AF: What’s your dream setting for a show?
CMB: I would like to work in a space where I would be reacting to things that are already there and be there for a while before I propose the show. The hardest thing about making exhibitions for me has been deciding the underlying structures and display conventions. I’m much better at reacting than I am enacting or imagining – but I would love to have a show in a village hall.


AF: I see that, with worn wooden floors and funky curtains. How did you decide upon the exhibition design for Borrowers?
CMB: There are four distinct bodies of work going on there. Upstairs, there’s the clock piece and those bronzes. The clock piece is weird. There are two different polarities: optimism and pessimism, and industry and hobby.
AF: I loved the one with the small bell attached, ticking around and letting out a small ring as it falls. I didn’t realise you saw that as one installation.
CMB: Yes, it’s probably the biggest thing I’ll ever make! Each part of the work sits where it relates to those four subjects, these axes. I was thinking then about who gets to enjoy craft. How has craft been commodified? How do we use hand-made things in our day-to-day lives, and what’s the invisible labour behind that? No one’s building a machine to put glitter on decorative Christmas holly – it’s being made in a sweatshop by an exploited workforce. A lot more things have the presence of a human hand than we feel comfortable admitting.

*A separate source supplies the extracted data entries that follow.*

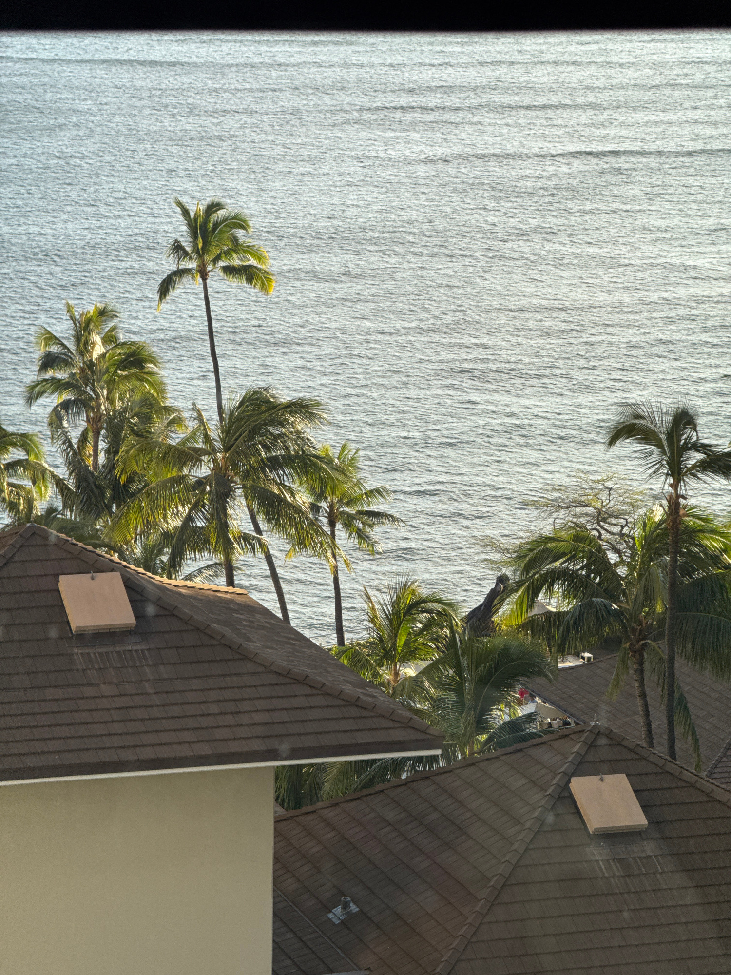 The photograph depicts a coastal scene, likely taken from an elevated position in Honolulu, United States of America. The foreground is dominated by the tiled roof of a building, with sections of adja…read more
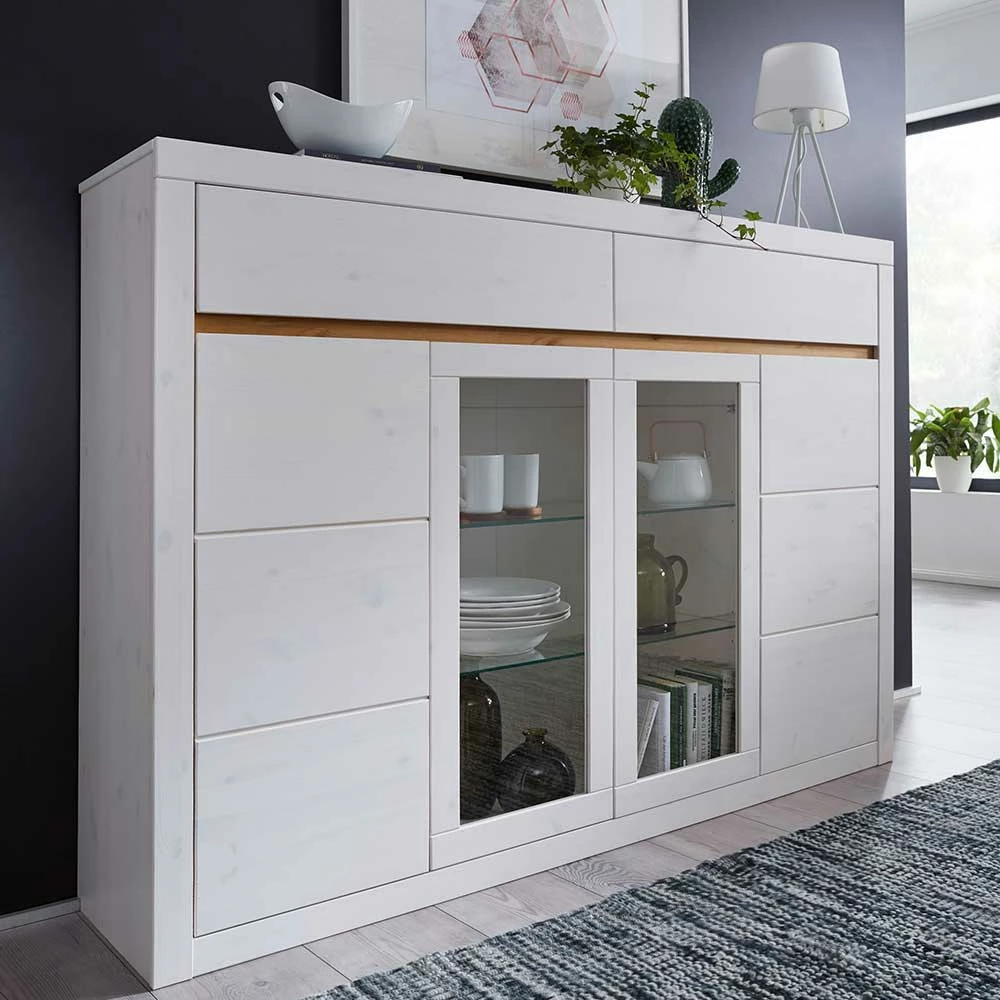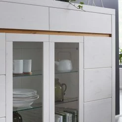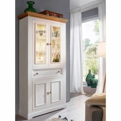 - Wohnliche Vitrine in Weiß und Eichefarben
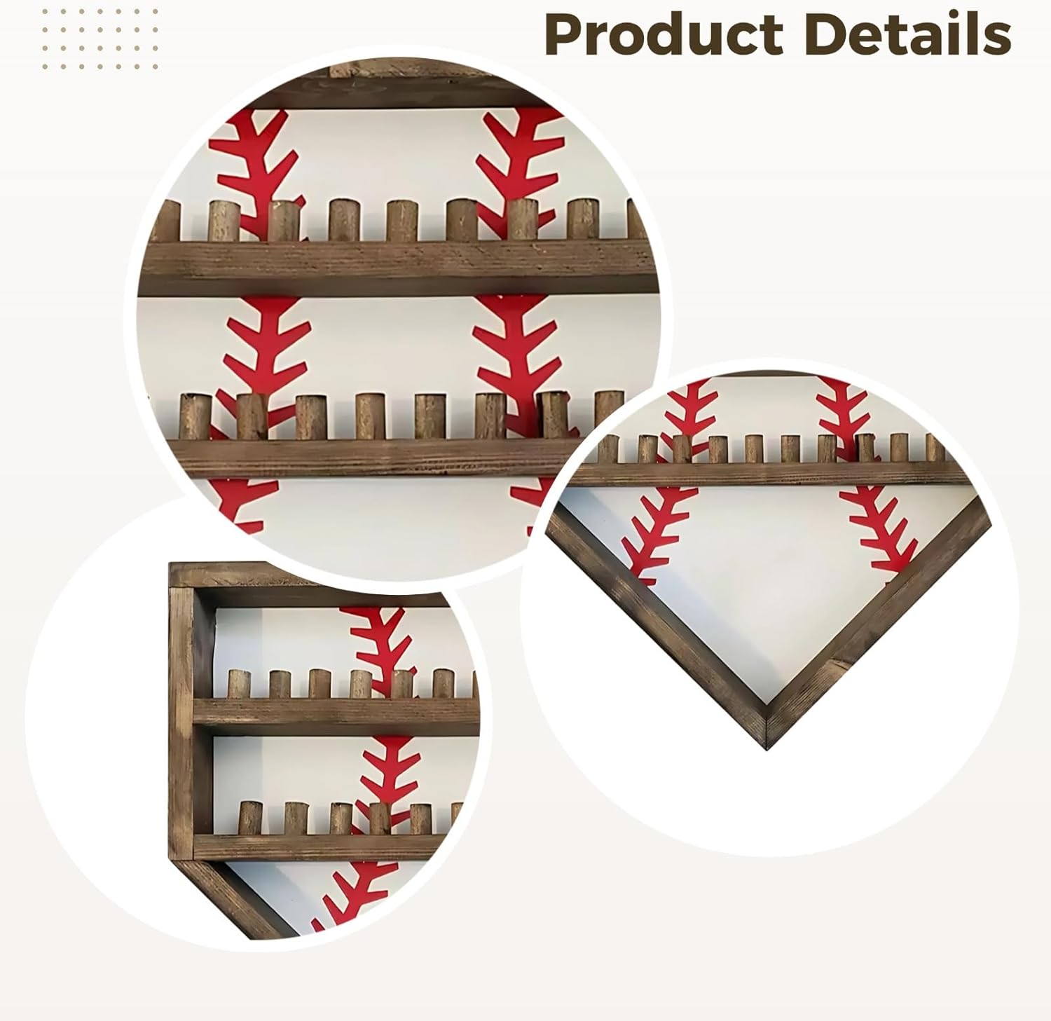 Espositore da parete salvaspazio: facile da installare con ganci inclusi; libera spazio sul bancone; per uffici e stanze più piccole; mantiene i tuoi cimeli organizzati ed esposti Decorazione unica da baseball: giocoso ed elegante con cuciture decorative; progettato per appassionati di sport e collezionisti; mostra i tuoi anelli o medaglie Struttura in legno con finitura scura: struttura in legno di pino; aspetto alla moda ed elegante; migliora qualsiasi stanza; fornisce una qualità duratura per esporre oggetti da collezione Espositore su due livelli: più posizioni circolari su due livelli; mantiene visibile la tua collezione; un must per qualsiasi collezionista serio Posizionamento versatile: aggiunge un tocco sportivo a camere da letto, uffici, grotte e salotti; un'idea per gli amanti del baseball; mostra vari cimeli sportivi, tra cui anelli e medaglie
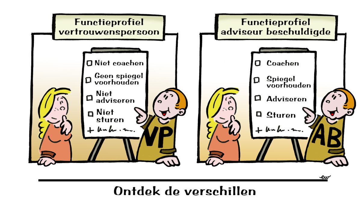 De ondersteuning van een beschuldigde vraagt om een deels zelfde ondersteuning en deels andere ondersteuning dan die de vertrouwenspersoon kan bieden.

Being an artist has subsumed everything else for me, but for most people, the way you make your living is not the great meaning in your life. That’s absolutely fine. That’s how you get through it – you do your drudging economic labour and find small moments. Your meaning is in what you do in between going to work, like the relationships you build and the things you do for no reason – building model train sets, or making jumpers, or reading books. But we’re in a weird situation where hobbies and leisure themselves are now encouraged to operate as a hustle. I crochet and knit a couple of hats each year, and people suggest that I sell them. I don’t think they realise that for me to make minimum wage, I’d have to sell them for more than I’d sell a sculpture. I mean, I’m not very fast at crochet, and I like expensive wool!
AF: And those low, baby pink round tables downstairs? I like how the display feels non-categorical rather than indexical, like you might expect.

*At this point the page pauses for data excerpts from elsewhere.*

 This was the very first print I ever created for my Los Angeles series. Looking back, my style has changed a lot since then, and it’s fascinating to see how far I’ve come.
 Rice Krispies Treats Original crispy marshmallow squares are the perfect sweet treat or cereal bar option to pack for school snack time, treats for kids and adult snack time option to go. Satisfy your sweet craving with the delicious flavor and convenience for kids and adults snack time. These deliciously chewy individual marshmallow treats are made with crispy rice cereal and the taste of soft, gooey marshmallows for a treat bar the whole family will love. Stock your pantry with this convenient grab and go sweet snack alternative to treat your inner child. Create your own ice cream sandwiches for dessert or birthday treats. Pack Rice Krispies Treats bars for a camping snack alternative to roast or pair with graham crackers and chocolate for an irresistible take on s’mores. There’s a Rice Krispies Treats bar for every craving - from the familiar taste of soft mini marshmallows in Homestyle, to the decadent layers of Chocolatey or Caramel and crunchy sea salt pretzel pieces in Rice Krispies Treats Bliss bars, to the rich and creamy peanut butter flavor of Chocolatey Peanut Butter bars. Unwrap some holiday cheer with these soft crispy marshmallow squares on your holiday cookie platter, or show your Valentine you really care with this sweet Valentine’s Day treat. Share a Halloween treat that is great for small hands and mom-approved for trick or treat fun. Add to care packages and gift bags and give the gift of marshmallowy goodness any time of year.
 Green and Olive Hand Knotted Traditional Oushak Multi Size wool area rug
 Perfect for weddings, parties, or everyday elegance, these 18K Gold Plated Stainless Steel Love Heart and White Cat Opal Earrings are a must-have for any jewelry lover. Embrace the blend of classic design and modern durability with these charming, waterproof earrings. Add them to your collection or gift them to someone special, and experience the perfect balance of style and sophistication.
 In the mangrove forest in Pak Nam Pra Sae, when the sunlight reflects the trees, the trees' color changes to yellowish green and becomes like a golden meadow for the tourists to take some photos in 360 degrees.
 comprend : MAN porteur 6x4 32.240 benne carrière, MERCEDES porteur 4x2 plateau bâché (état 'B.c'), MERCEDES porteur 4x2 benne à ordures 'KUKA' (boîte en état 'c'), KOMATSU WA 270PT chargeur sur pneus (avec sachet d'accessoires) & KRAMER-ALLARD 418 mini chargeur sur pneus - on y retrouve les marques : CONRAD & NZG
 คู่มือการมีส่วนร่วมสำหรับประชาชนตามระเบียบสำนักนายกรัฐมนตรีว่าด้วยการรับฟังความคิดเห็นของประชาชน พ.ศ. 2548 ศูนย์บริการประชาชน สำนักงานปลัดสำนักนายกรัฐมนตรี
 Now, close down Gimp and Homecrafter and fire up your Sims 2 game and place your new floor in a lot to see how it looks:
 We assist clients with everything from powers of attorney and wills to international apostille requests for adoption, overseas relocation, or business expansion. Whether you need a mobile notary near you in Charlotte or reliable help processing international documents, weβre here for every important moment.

CMB: Those tablescapes are the amoebic state of the work. The objects there are ones that I understand just a bit, or sometimes not at all, and which require some sort of narrative synthesis; I know there’s something in them, but they need a more imaginative reading. I wanted to do something there that was reminiscent of how an object would exist in a home, where you just place it somewhere and let it gather dust. I wanted it to feel very casual, even though there is nothing casual about it.

Then the shelf piece is other people’s collections. I know those objects came from a person who collected and valued them for a reason, so they already interesting and mean so much. I don’t need to add anything – all I have to do is use my authority as a sculptor with far too many degrees to declare them as art.
AF: Are these both singular installations in your mind, or various sculptures that are part of a series?
CMB: This is a big question in my practice that I’m still trying to understand for myself: what actually is my work, and at what point does a constellation of small, individual sculptures become a single, bigger work? Maybe it can operate in both ways.